At the St. Francis of Assisi church in the colonial Old San Juan district in Puerto Rico, church secretary Antonia Veloz exchanged jubilant high-fives with Jose Antonio Cruz, a Franciscan friar.

Cruz said he personally favored the Brazilian candidate, but was pleased with the outcome, saying the new pope would help revitalize the church.

"It's a huge gift for all of Latin America. We waited 20 centuries. It was worth the wait," said Cruz, wearing the brown cassock tied with a rope that is the signature of the Franciscan order. "Everyone from Canada down to Patagonia is going to feel blessed. This is an event."

In Panama City, public relations executive Nelsa Aponte said with teary eyes, "This made me cry; I had to get out my handkerchief.

"We have a new pastor, and for the first time, he is from Latin America," Aponte said.
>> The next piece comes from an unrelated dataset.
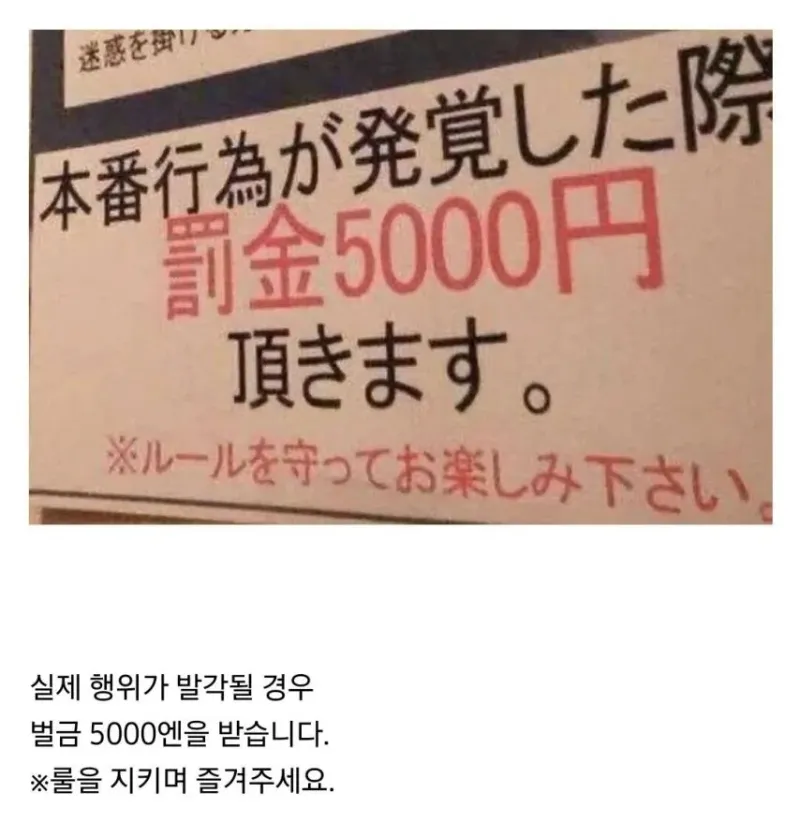 성행위 금지인 업소의 경고문

Armando Connell, 54, a doorman at a luxury hotel in Panama City, expressed hope that "the new pope will be closer to us, and will show more concern about the poverty many of us suffer."

In Mexico City, pediatrician Victor De la Rosa, 64, said the decision "is going to allow Latin America to be more involved in the church's decisions, above all in modernizing the church."

Across the world in the overwhelmingly Catholic Philippines, people stayed up and waited for the announcement, said brand manager Mary Louise Liao. "I've never heard of Bergoglio" until now, Liao said. "People seem hopeful about the kind of impact he'll make."